Presentation

Don’t Be Dull And Dusty

Concentrate on your audience and you can’t go wrong.

Sometimes you see a confident presenter really bomb.  It doesn’t happen all that often, but when it does, the contrast is vast.  If they are totally hopeless as their default mode as a speaker and they bomb, well that is understandable.  But a competent presenter bombing shouldn’t occur.  It did and I was wondering what did I just see?  Where did our speaker go wrong?

 

Comedians have this same problem – no one laughs at their jokes and there is not much camouflage for them to hide behind, when all they have is a microphone stand on a stage.  Being in the limelight, at the podium, on stage, up on the dais is a high pressure location.  When you are revealed to everyone as a flop, all your desperate attempts to refloat the Titanic make the whole thing seem even more preposterous, pointless and pathetic.

 

In this case, there wasn’t even a good recognition that things were rapidly going south.  It was only at the end, when it was too late to do anything about it, that the speaker realised he had bombed completely.  The tepid applause reaction at the end was a give away.  The stunning lack of questions a more immediate one.  The whole apparatus of the talk collapsed in on itself, under the weight of its own immense ineptitude.

 

The key issues were a misreading of the audience and an astounding arrogance.  The audience had been lured to the venue with bold promises of goodness and light.  The content just wasn’t good enough to back up the advertising and the audience spotted the gaping gap straight away.  They were there for answers.  There weren’t any and they knew it.

 

The arrogance was an assumption about the speaker’s credibility being sufficient to justify the content of the presentation.  When we emphasise our many years in business, we are aiming for increased credibility, linked back to our stupendous track record.  We have stood the test of time etc.  Our speaker had not properly prepared the presentation.  He gave it a “once over lightly” treatment, because of his supreme confidence in his ability to deliver any talk.  He was a very good speaker and a highly competent presenter.  He thought his previous track record stood for itself. The only problem was the content of this talk was rubbish.

 

We all tread a fine line with the longevity thing.  Track record, sustained over many, many years is a credible thing for the audience.  The main concern is that the whole affair may be perceived as dusty and dated.  We are always being fed the new and greatest, latest best thing.  Business fad books come and come and come.  The old ones are taken out the back and quietly disappeared, shredded in fact.

 

When we talk about the good olde days, we like it because we were there, but the audience only cares about what is relevant for them.  We have to be skilled to make it feel fresh again, new and connected to their current business reality.  Plato is olde but still gets quoted all of the time, so olde doesn’t have to be irrelevant.

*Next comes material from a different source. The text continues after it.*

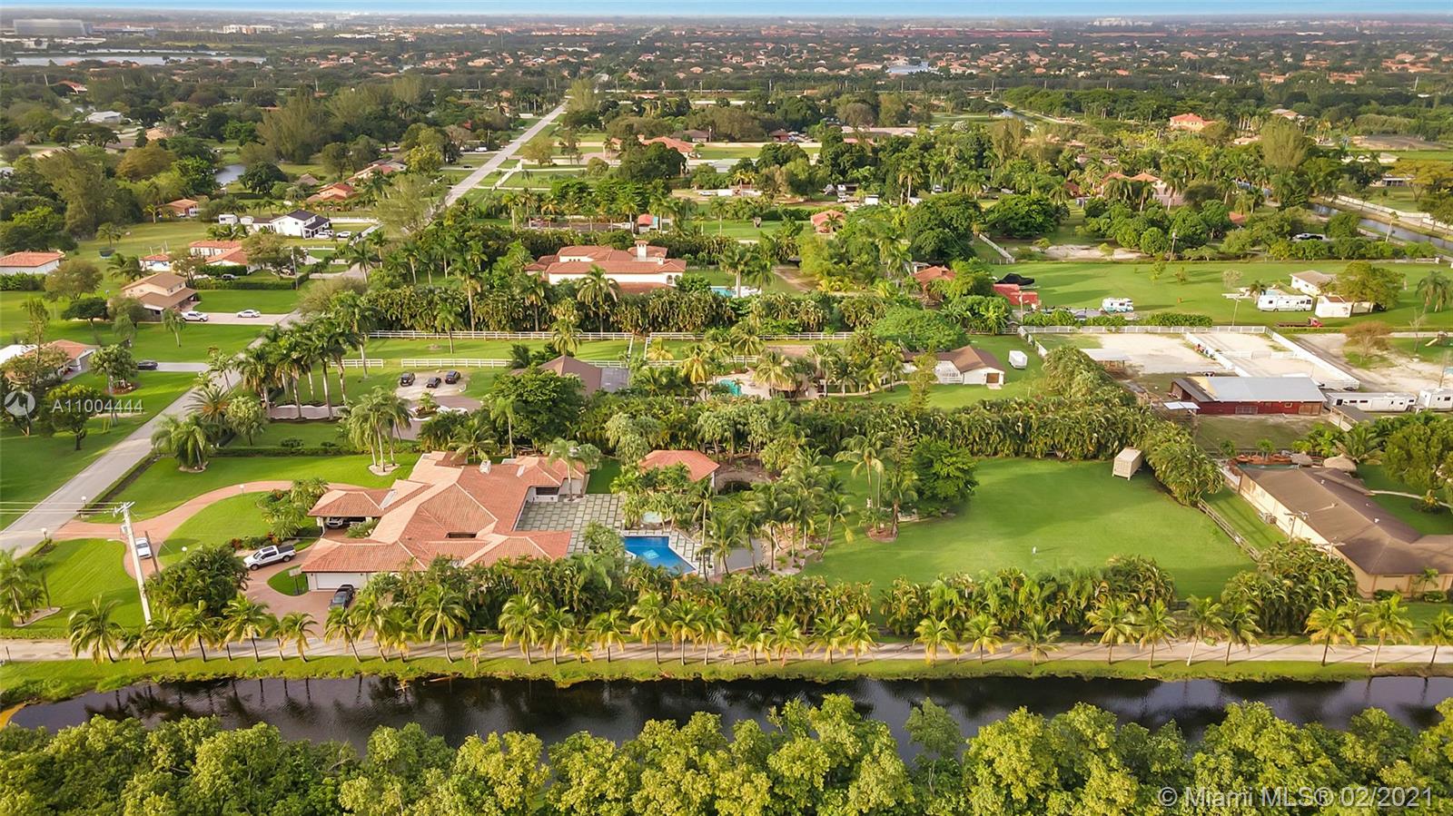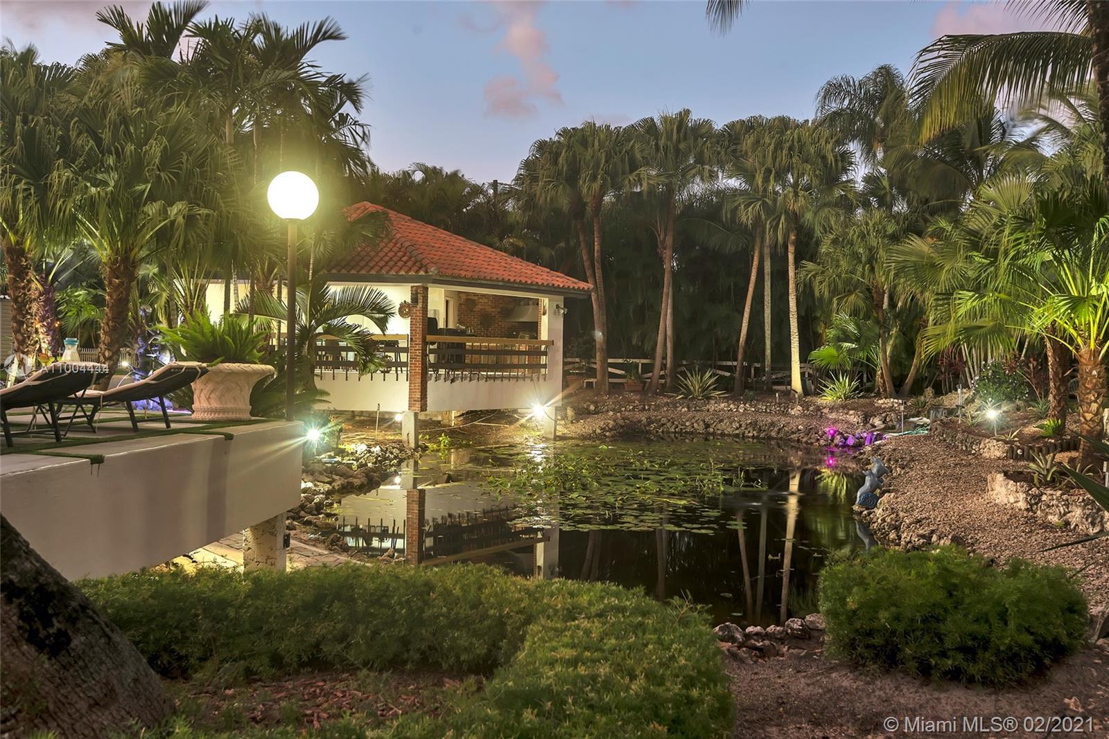 Exquisite 2-acre home in the exclusive Miramar Estate neighborhood. You can own a home centrally between Miami-Dade County & Broward County. Phenomenal location w/ access to I-75 & the Florida Turnpike. Property has been remodeled meticulously. Property has all stainless-steel appliances, gas dryers, gas stove, high efficiency A/C’s, 3 water heaters. A well water with a filtration system, a propane gas system consisting of 2 containers: 1st gas tank is underground w/ 1,000 gals and 2nd gas tank is above ground w/ 120 gals. The property has 16 camera security system. Ext and int Led lighting system. Backyard has a beautiful lagoon as well as a BBQ/picnic area. An exquisite pool w/ sauna. Property also has a 1/2 detached guest house, w/ views of the pool & lagoon. Beautiful outdoor space.

Our speaker failed in that regard.  I said arrogance and this is the bit that hurts.  Our pride in our track record can make us blind to the fact that people don’t really care all that much.  We like strolling down memory lane, but so what? We arrogantly assume that what we did was important.  Wrong.  Where is the direct and useful link to the audience’s current problem right now?  We have to keep building that vibrant connection.  Our successes in the past help us to prepare for our future.  Our failures in the past, help us to prepare for our future.  We can draw from both to create content that resonates with our audience.

 

This is the skillset needed in a business presentation.  Getting the audience need properly understood, suspending what we like to talk about and instead focusing on what the audience is keen to know about is our task.  If we fail to get that balance right, we can come across as dated and dull.  This is what happened to our speaker.  He delivered a brilliant, heartfelt rendition of his past glories and achievements, without effectively connecting to the audience’s concerns of today.

 

I am getting older too, so I took copious notes from this speech on what not to do, if I am ever tempted to talk at length about my good olde days.  I think we should all avoid that temptation too.  Concentrate on your audience and you can’t go wrong.